● **Task item**: Check each line of the listing below for the string "system", and give only how many lines hold it.

##############################

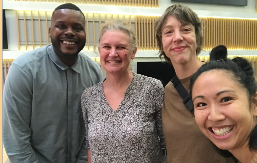
Mayor Tubbs and YSCF

Q: What's the solution to poverty? A: Money
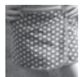
Skirts That Are Distracting
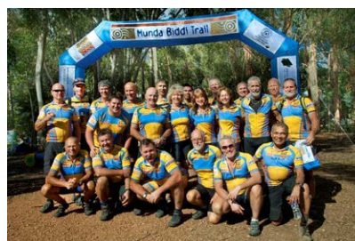
The Munda Biddi Trail Blazers.
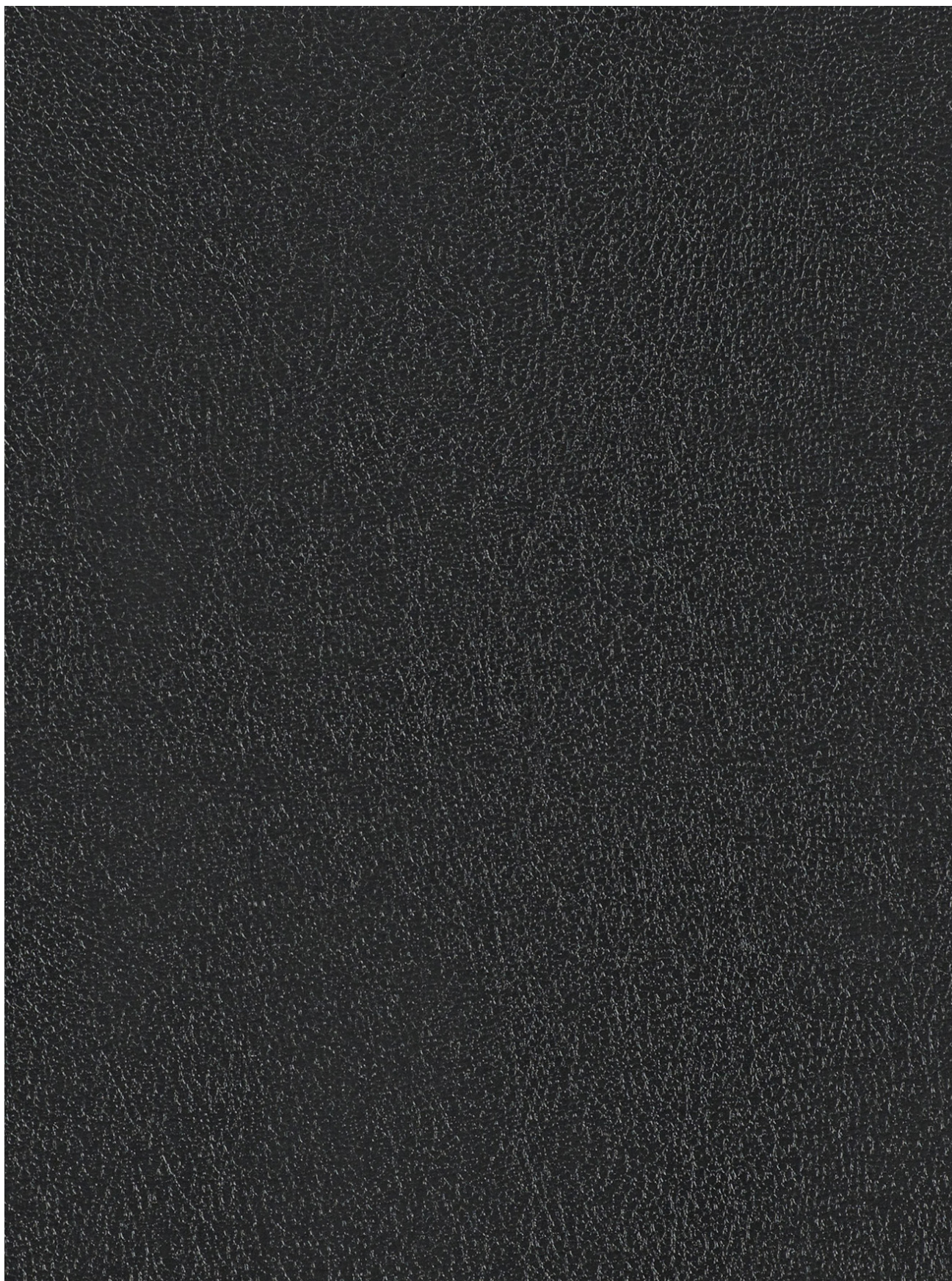
Black Crush 514144
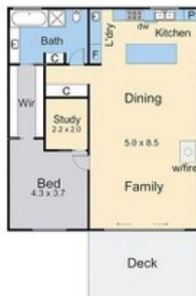
Self Contained Studio (Not In Position)

Residence area = 40.1 squares (approx) Studio area = 12 squares (approx) Stables area = 15 squares (approx)
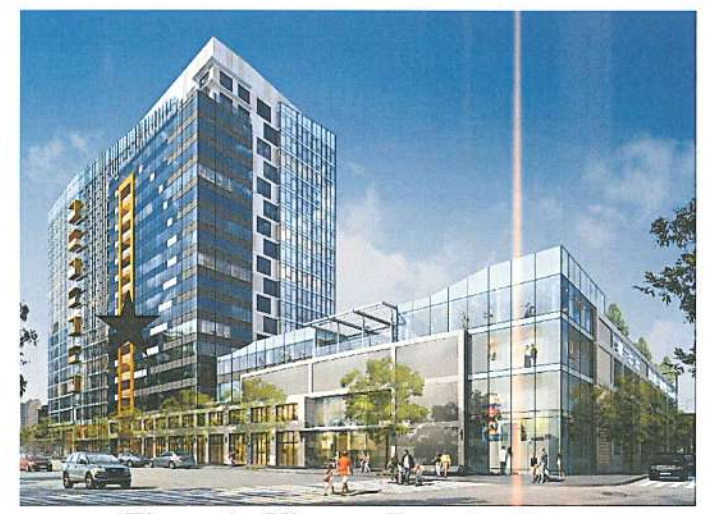
Figure 1 - View on Terraine Street
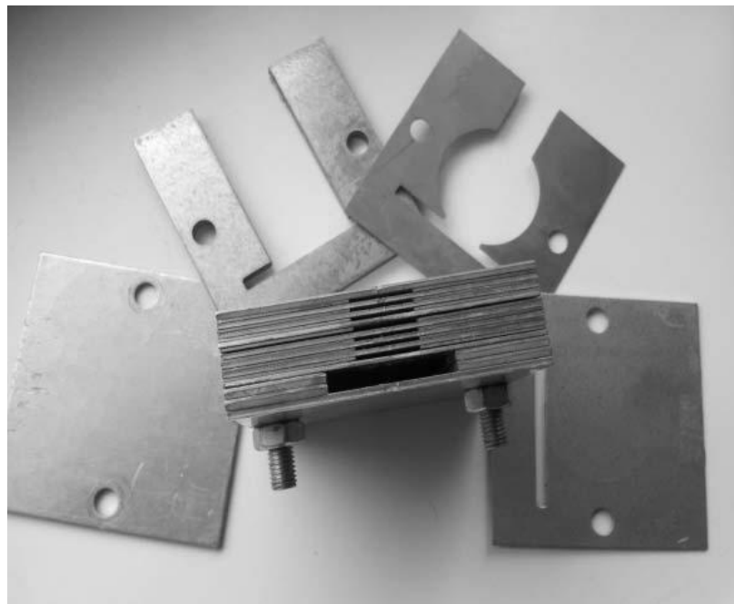
Figure 6: New metallic form with four special parts

Form with the silicon sides is more than suitable for production of thin high-quality samples. The main disadvantage of this mold is number of samples, which can be created from one casting. The core advantages of sample are thin structure, easy measurement and easily observable dielectric characteristics. It was necessary to design a new larger mold, which could produce a set of samples from one casting, so we could easily measure error rate.
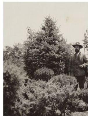
June 1, 1907
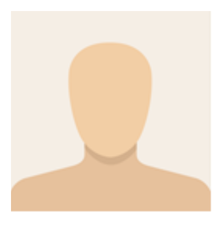
RE/MAX Superior - Fgura RE/MAX Superior - Fgura
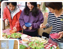
Middle-eastern cuisine event
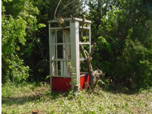
Telephone booth photographed in 2004.

PD: Between 403 and 404 we have the remains of an aluminum telephone booth. All the windows have been smashed out of it. You might write that down on our map just right here. We note that in the telephone booth the telephone says to deposit 10 cents. That might be datable by that information. We are now walking east of 403.
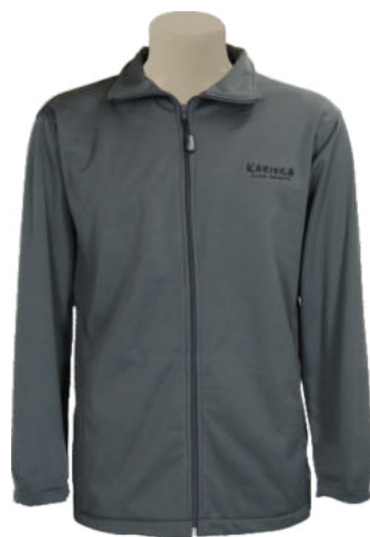
AT1058 - MENS SOFTSHELL JACKET WITH PKTS - from R433.00
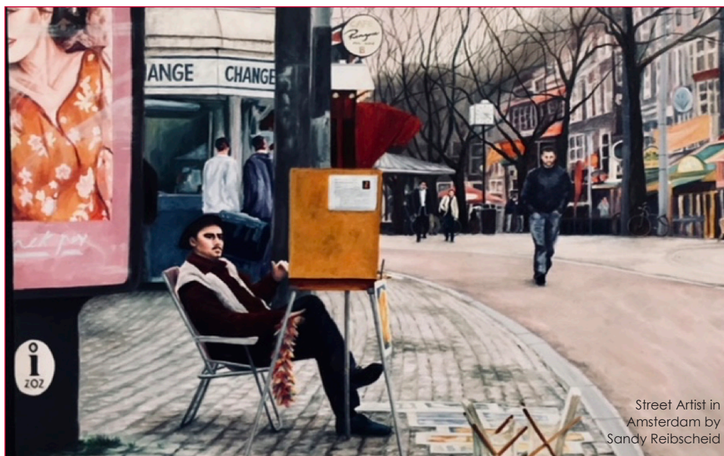
Street Artist in Amsterdam by Sandy Reibschied
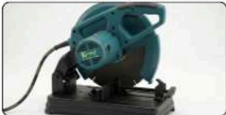
Cut Off Machine MC14

We offer exceptionally high-quality armatures for essential power tools like Angle Grinders, Marble Cutters, and Rotary Hammers.
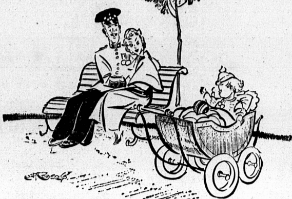
"If you two would like to go off by yourselves it's O. K. by me—and I'll scream the place down if I see mother coming."—Humorist.
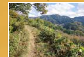
Head for Chikatsu Asuka Fudoki-No-Oka Historical Park
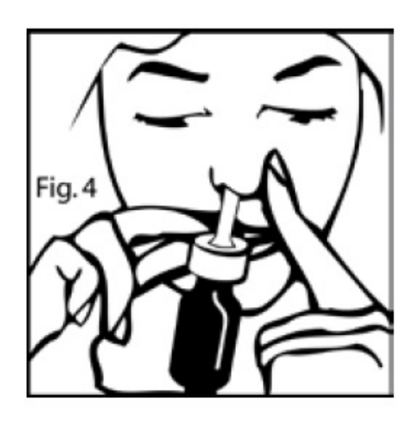
Step 4. Breathe out through your mouth.

Step 5. If a second spray is required in that nostril, repeat steps 2 through 4.
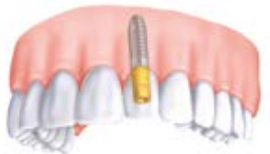
Crown centred on abutment

As treatment does vary so much between patients, we recommend you speak to a dentist.
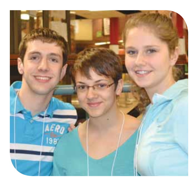
FJFNB youth rally.

All the partners in the education system are collectively committed to building the identity of all members of the Acadian and Francophone community.
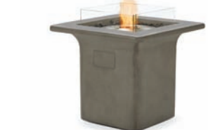
Strata *Shown with optional glass screen
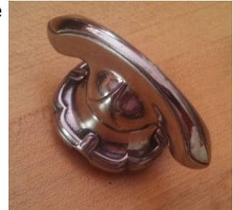
A pretty windshield crank handle creates some mischief.

indicated normal and there were no unusual noises. My first thought was that the throttle rod was disconnected. Still, when I pressed on the pedal, I could hear the air inlet noise change so it was obviously OK. It felt like we were out of fuel but the fuel pressure gage was fine. I turned the electric pump on just in case – no change. We finally coasted to a stop and the groom was ready to jump out and give a push but we were safely off the main road by then.
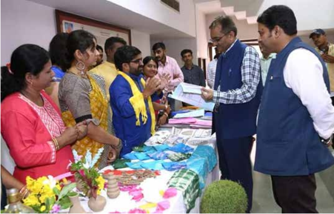
Director, CCRT interacting with teachers at an exhibition on the valediction of the workshop.

A total of 117 teachers from 16 States/UTs namely Andhra Pradesh, Arunachal Pradesh, Assam, Bihar, Chhattisgarh, Delhi, Gujarat, Haryana, Himachal Pradesh, Jammu & Kashmir, Karnataka, Kerala, Maharashtra, Odisha, Telangana and West Bengal participated in the workshop.
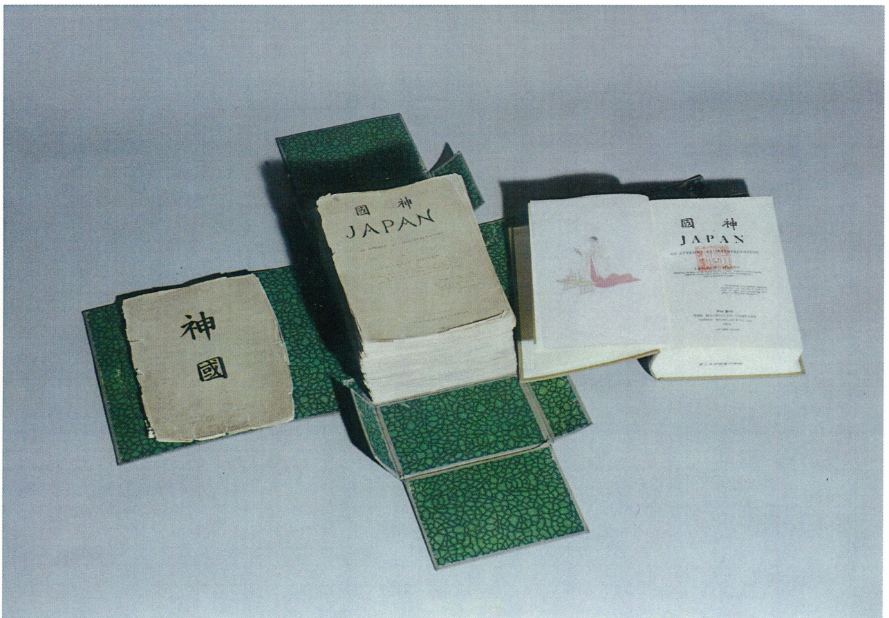
Hearn の晩年の大作「神国日本 Japan : an Attempt at Interpretation」の手書き原稿（トネリコ紙） （インターネットでも見ることができる）
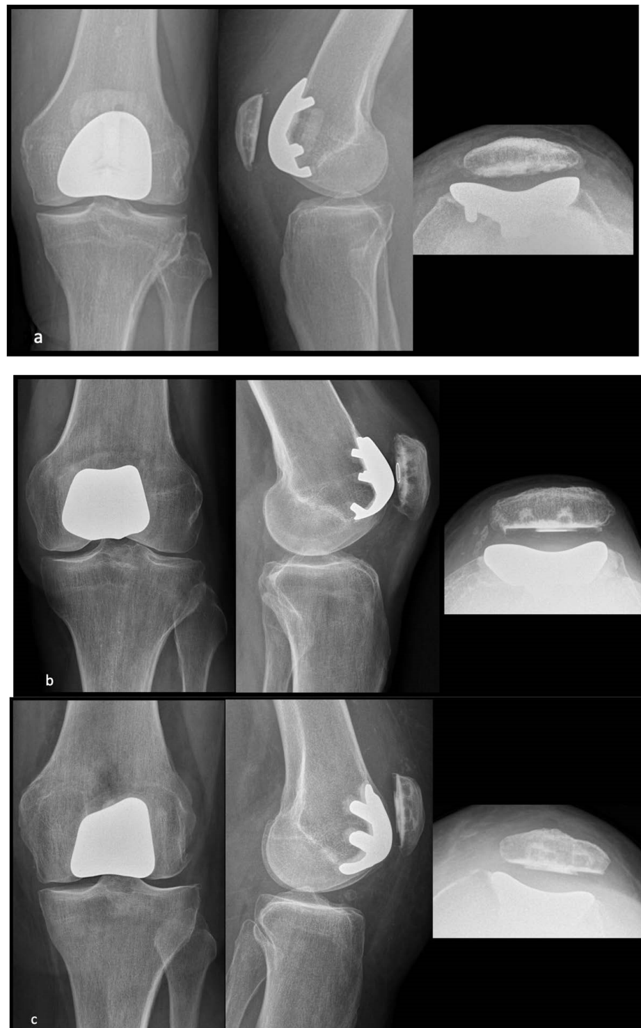
Figure 1. Postoperative radiographs of PFA performed conventionally (only implant) (a), with an image-free robotic system (only implant) (b) and with an image-based robotic system (inlay implant) (c).

##############################

● **The completed task**: 2